Files
leo-claude-mktplace/plugins/data-platform/skills/data-integrity-audit.md
lmiranda 2c998dff1d feat(data-platform): add data-integrity-audit skill
Define audit rules, severity classification, scanning strategies,
and report templates for data integrity validation.

Covers:
- Schema validity (PostgreSQL tables, columns, types)
- dbt project health (parse, compile, test, lineage)
- PostGIS compliance (SRID, geometry types, extent)
- Data type consistency (DataFrame dtypes)
- Query safety patterns

Closes #373

Co-Authored-By: Claude Opus 4.5 <noreply@anthropic.com>
2026-02-02 01:24:54 -05:00

9.4 KiB

name, description
name description
data-integrity-audit Rules and patterns for auditing data integrity, schema validity, and dbt compliance

Data Integrity Audit

Purpose

Defines what "data valid" means for the data-platform domain.
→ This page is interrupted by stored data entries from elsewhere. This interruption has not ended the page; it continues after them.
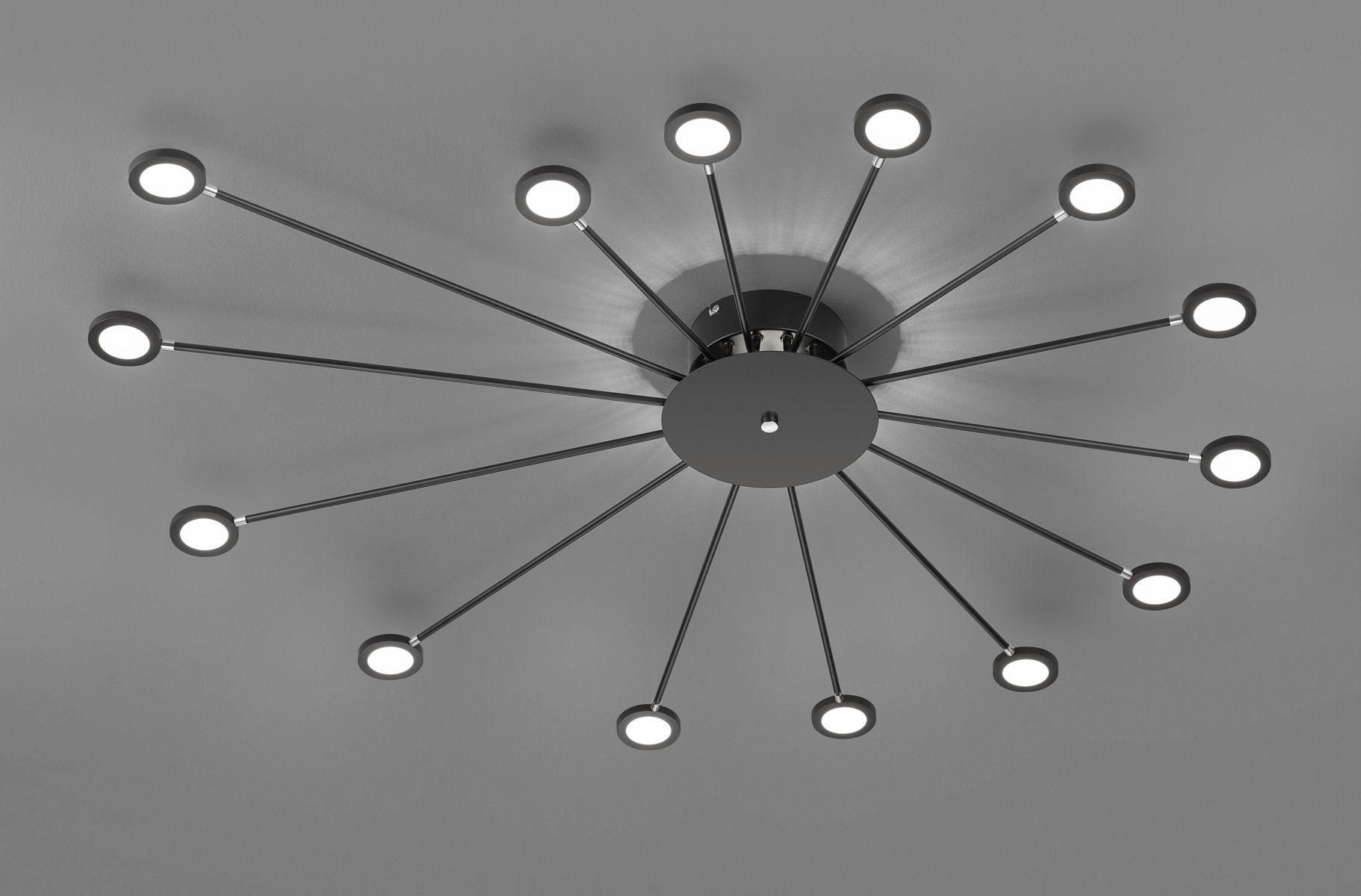 Πλαφονιέρα Οροφής Μαύρη Ματ 115xH10cm Led 15x2,6w 15x270lm 3000Κ Switch Dimmer Trio Lighting Peacock 679511532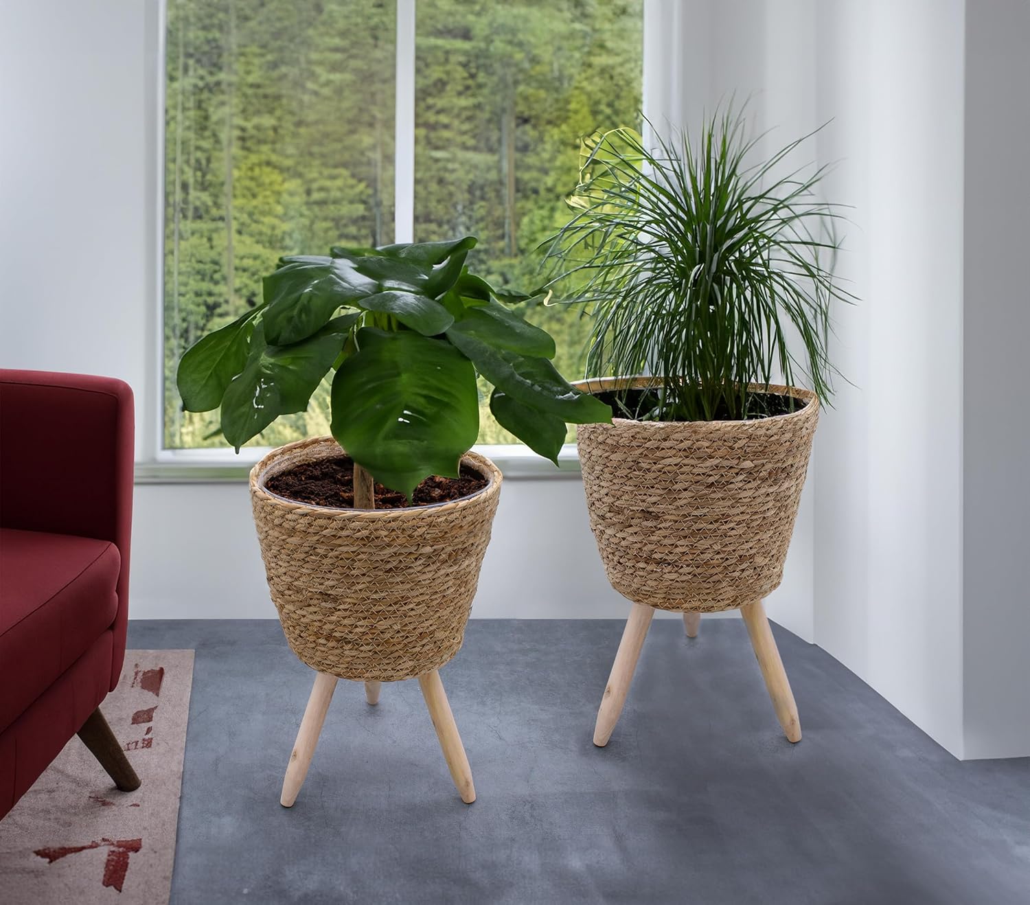 Blumenständer aus Stroh innen mit Folie 2er Set - Ø 26 und 20 cm - Rattan Pflanzenständer mit 3 Holz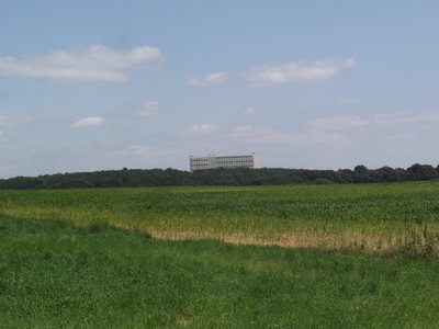 "........... Aan het begin van de landweg nog even een blik over de schouder werpen naar de Cité Radieuse die toch wel heel erg dominant en heel erg lelijk boven alles uitsteekt ............."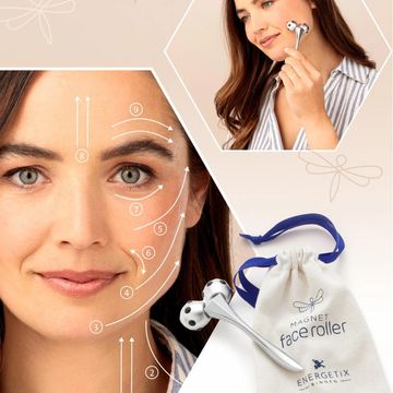Pour votre massage liftant quotidien sur le visage, le cou et le décolleté. Les 2 boules avec des points noirs en relief et 6 aimants intégrés roulent sur la peau. Elles peuvent stimuler la circulation sanguine et aider à réduire les ridules et à raffermir la peau. On se sent fraîche et comme revigorée. Fais-toi du bien tous les jours !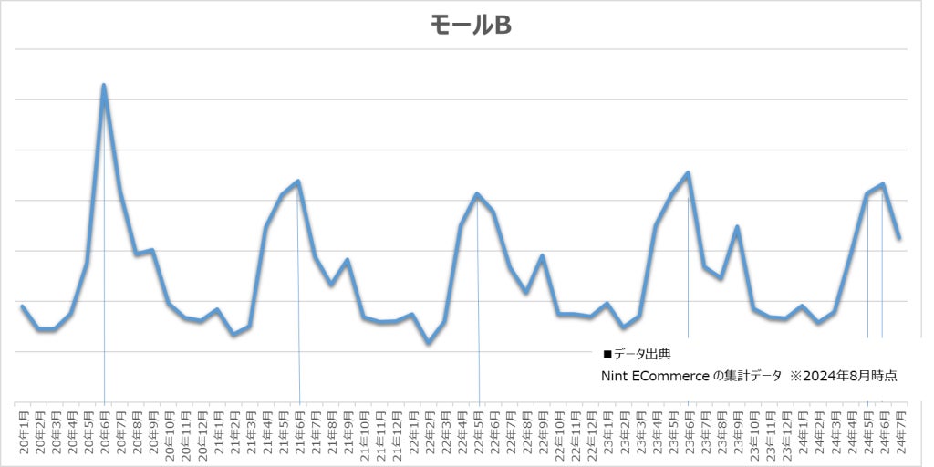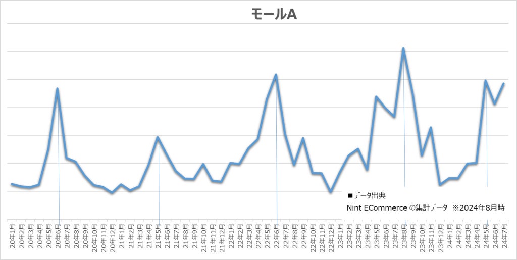 モールA・Bは市場の需要時期に売上が上昇し、Aモールでは2023年8月に、Bモールでは6月に売上が高くなる傾向がみられます。

This skill is loaded by the data-advisor agent for both review and gate modes during sprint execution and standalone audits.


What to Check

Check Category What It Validates MCP Tools Used
Schema Validity Tables exist, columns have correct types, constraints present, no orphaned columns pg_tables, pg_columns, pg_schemas
dbt Project Health Project parses without errors, models compile, tests defined for critical models dbt_parse, dbt_compile, dbt_test, dbt_ls
Lineage Integrity No orphaned models (referenced but missing), no circular dependencies, upstream sources exist dbt_lineage, dbt_ls
Data Type Consistency DataFrame dtypes match expected schema, no silent type coercion, date formats consistent describe, head, pg_columns
PostGIS Compliance Spatial tables have correct SRID, geometry types match expectations, extent is reasonable st_tables, st_geometry_type, st_srid, st_extent
Query Safety SELECT queries used for reads (not raw SQL for mutations), parameterized patterns Code review - manual pattern check

Common Violations

FAIL-Level Violations (Block Gate)

Violation Detection Method Example
dbt parse failure dbt_parse returns error Project YAML invalid, missing ref targets
dbt compilation error dbt_compile fails SQL syntax error, undefined column reference
Missing table/column pg_tables, pg_columns lookup Code references census_raw but table doesn't exist
Type mismatch Compare pg_columns vs dbt schema Column is varchar in DB but model expects integer
Broken lineage dbt_lineage shows orphaned refs Model references stg_old_format which doesn't exist
PostGIS SRID mismatch st_srid returns unexpected value Geometry column has SRID 0 instead of 4326
Unreasonable spatial extent st_extent returns global bbox Toronto data shows coordinates in China

WARN-Level Violations (Report, Don't Block)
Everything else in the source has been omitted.